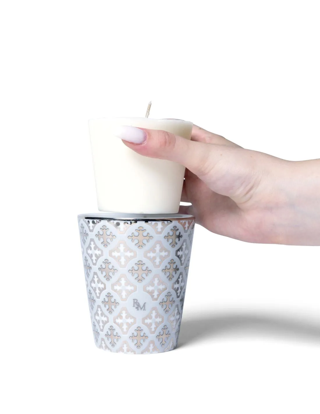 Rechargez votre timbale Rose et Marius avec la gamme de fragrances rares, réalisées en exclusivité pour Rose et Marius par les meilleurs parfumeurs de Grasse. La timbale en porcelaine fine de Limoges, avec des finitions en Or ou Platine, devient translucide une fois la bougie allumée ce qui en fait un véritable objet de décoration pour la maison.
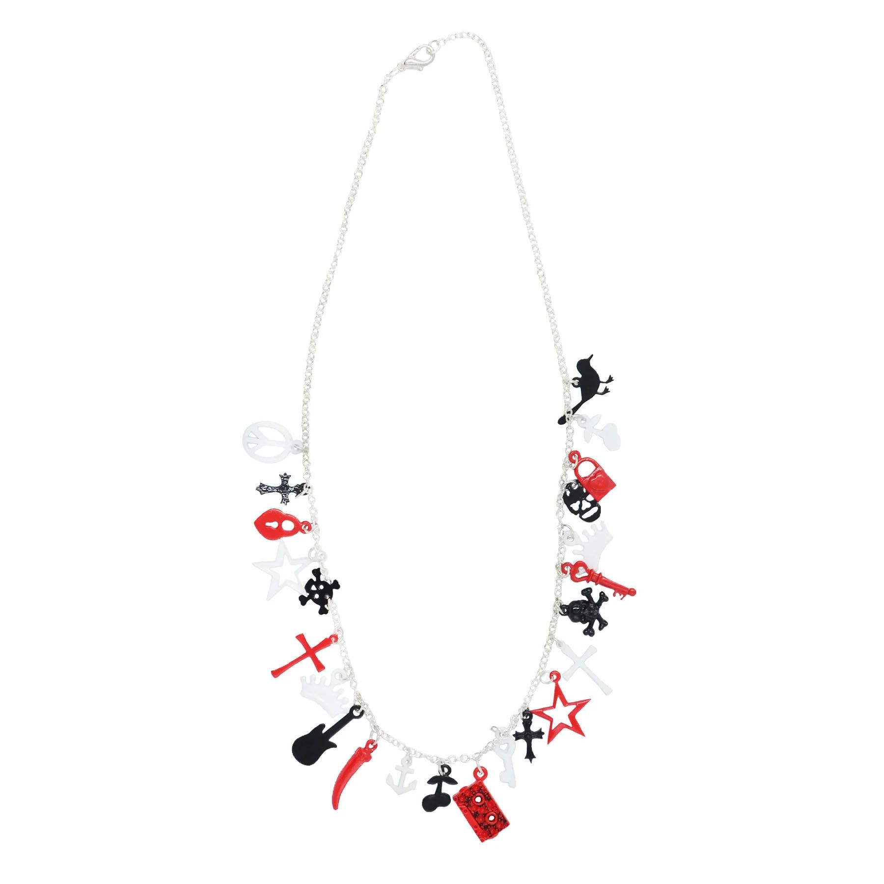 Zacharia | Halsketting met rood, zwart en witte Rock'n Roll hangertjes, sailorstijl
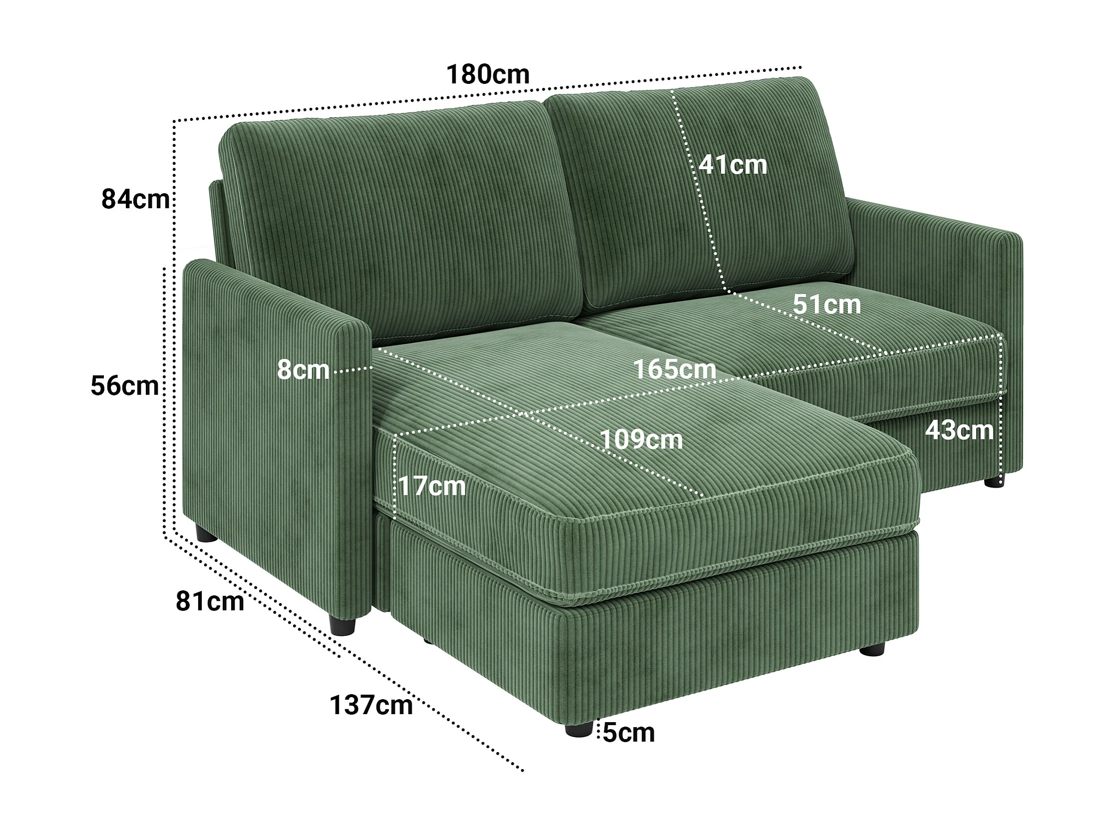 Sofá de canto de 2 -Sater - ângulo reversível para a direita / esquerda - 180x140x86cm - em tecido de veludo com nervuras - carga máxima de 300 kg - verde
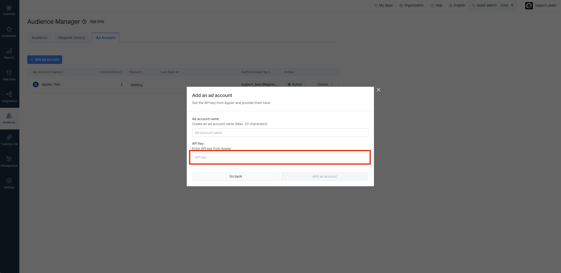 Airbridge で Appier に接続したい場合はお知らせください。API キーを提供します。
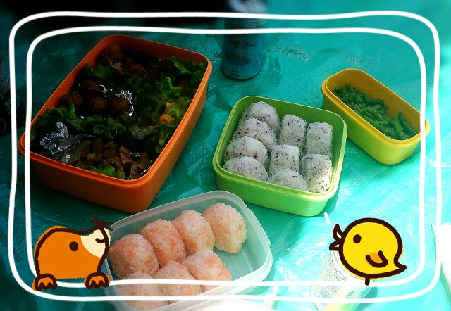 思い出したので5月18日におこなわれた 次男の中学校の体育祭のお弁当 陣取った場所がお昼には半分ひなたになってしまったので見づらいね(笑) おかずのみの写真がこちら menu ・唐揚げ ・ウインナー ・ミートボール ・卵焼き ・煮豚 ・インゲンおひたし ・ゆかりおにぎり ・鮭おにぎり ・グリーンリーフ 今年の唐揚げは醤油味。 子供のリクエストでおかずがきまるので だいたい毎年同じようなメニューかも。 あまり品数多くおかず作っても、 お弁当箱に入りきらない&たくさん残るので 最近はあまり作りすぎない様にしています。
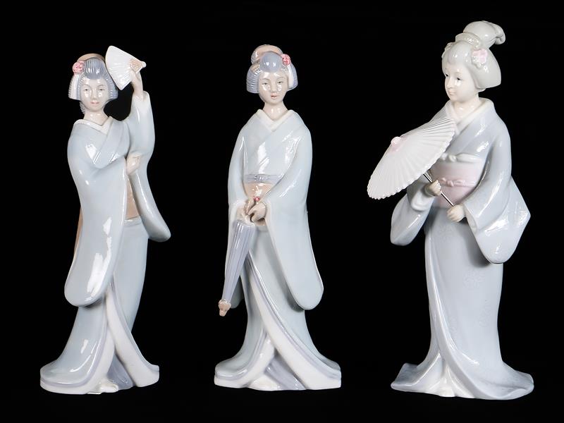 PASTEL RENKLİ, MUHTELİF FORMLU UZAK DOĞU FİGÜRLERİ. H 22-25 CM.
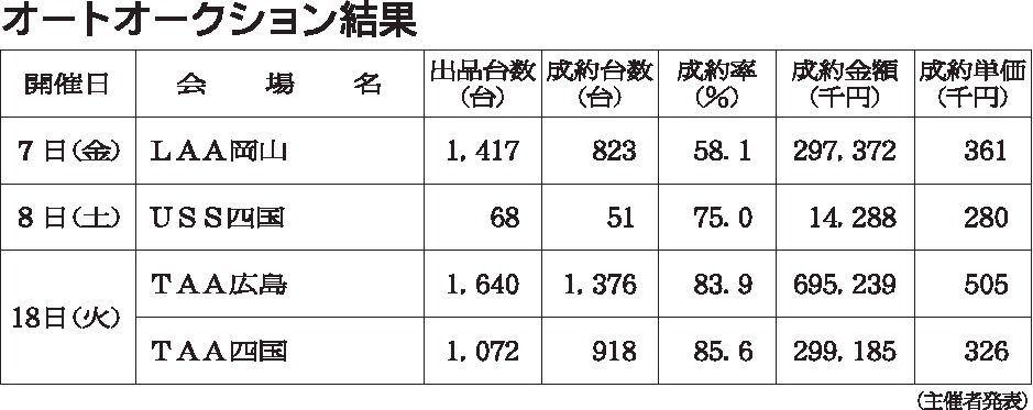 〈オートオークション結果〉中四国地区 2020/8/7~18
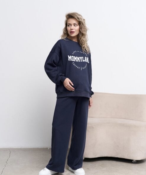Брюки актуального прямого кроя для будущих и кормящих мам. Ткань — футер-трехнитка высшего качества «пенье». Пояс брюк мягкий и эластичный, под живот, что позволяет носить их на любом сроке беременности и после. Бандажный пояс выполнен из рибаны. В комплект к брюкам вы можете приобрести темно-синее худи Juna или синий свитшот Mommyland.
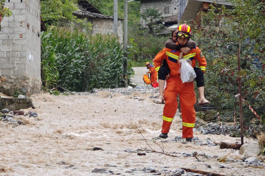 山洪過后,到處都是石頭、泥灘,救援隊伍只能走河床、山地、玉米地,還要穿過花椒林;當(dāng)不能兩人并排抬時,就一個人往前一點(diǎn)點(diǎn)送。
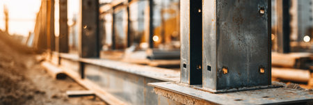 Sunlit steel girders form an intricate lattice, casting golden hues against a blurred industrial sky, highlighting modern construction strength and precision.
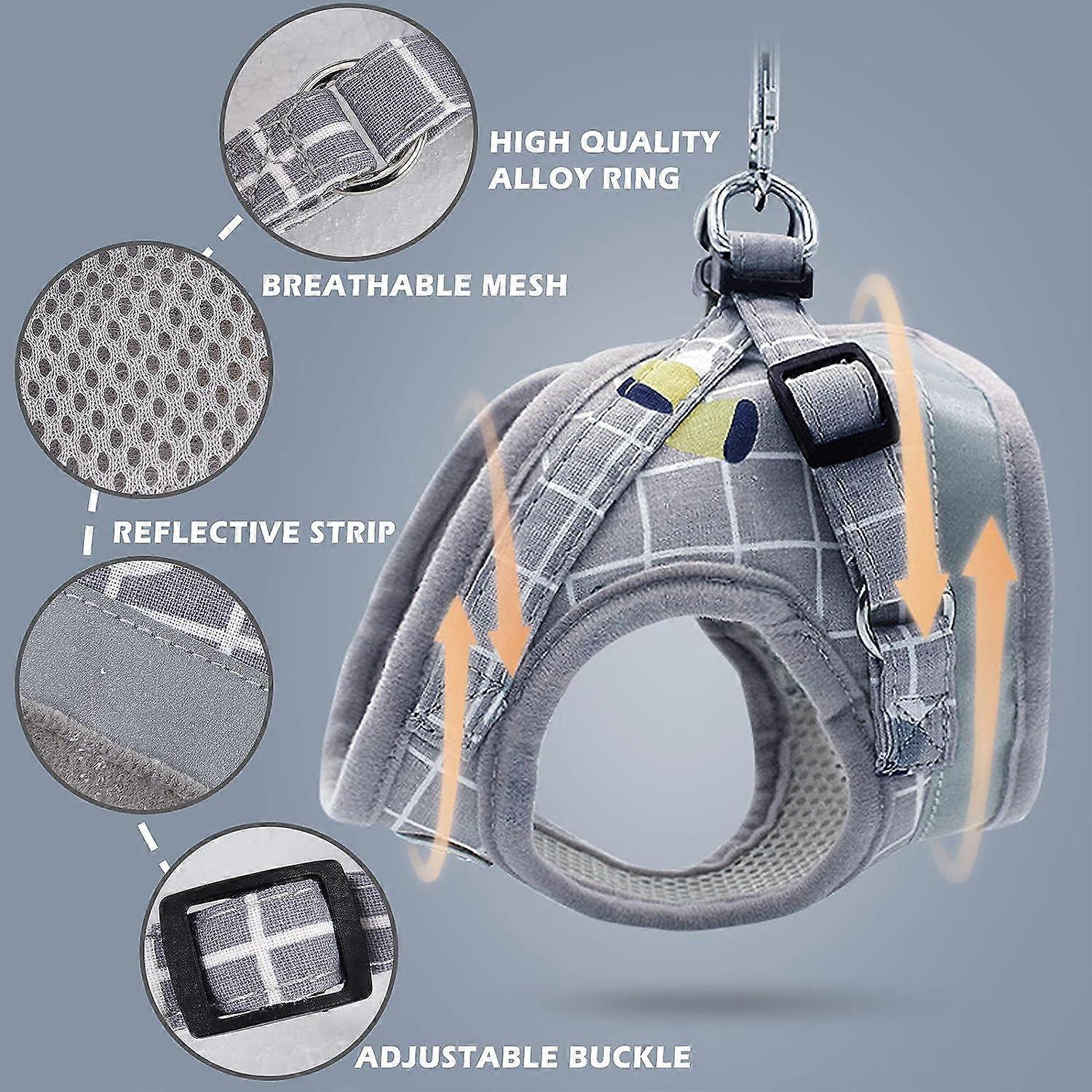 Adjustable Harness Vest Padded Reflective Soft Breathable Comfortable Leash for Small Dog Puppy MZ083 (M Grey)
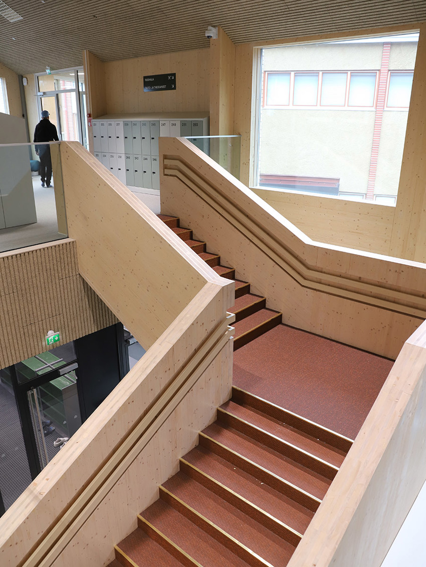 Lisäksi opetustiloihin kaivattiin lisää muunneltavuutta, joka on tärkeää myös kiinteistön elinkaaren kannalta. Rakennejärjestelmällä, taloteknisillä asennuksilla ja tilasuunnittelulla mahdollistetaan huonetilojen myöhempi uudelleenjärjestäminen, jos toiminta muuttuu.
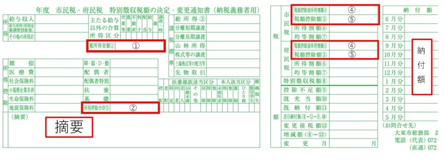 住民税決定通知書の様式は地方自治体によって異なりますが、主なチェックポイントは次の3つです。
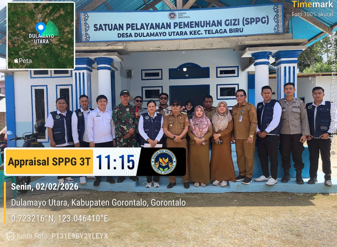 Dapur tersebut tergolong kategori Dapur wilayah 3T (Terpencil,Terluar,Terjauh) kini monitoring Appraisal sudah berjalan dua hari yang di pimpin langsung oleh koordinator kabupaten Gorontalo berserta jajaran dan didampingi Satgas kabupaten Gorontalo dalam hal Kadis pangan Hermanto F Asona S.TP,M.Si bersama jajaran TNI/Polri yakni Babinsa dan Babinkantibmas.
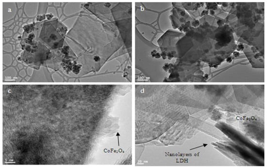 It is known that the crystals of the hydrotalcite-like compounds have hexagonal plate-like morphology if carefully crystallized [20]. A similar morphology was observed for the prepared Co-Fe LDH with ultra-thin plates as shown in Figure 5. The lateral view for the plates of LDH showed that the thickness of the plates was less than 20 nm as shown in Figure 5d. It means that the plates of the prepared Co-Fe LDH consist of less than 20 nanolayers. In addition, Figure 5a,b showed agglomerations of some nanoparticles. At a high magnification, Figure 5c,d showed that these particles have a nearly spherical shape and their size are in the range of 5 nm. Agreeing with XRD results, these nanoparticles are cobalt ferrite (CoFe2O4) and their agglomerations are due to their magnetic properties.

------------------------------------

> [WORK TO BE COMPLETED]: Would you please reproduce the entries above, starting at the line with "Lisäksi opetustiloihin kaivattiin" and stopping after the line with "住民税決定通知書の様式は地方"? Omit any pictures.

> [TASK RESPONSE]:
 Lisäksi opetustiloihin kaivattiin lisää muunneltavuutta, joka on tärkeää myös kiinteistön elinkaaren kannalta. Rakennejärjestelmällä, taloteknisillä asennuksilla ja tilasuunnittelulla mahdollistetaan huonetilojen myöhempi uudelleenjärjestäminen, jos toiminta muuttuu.
 住民税決定通知書の様式は地方自治体によって異なりますが、主なチェックポイントは次の3つです。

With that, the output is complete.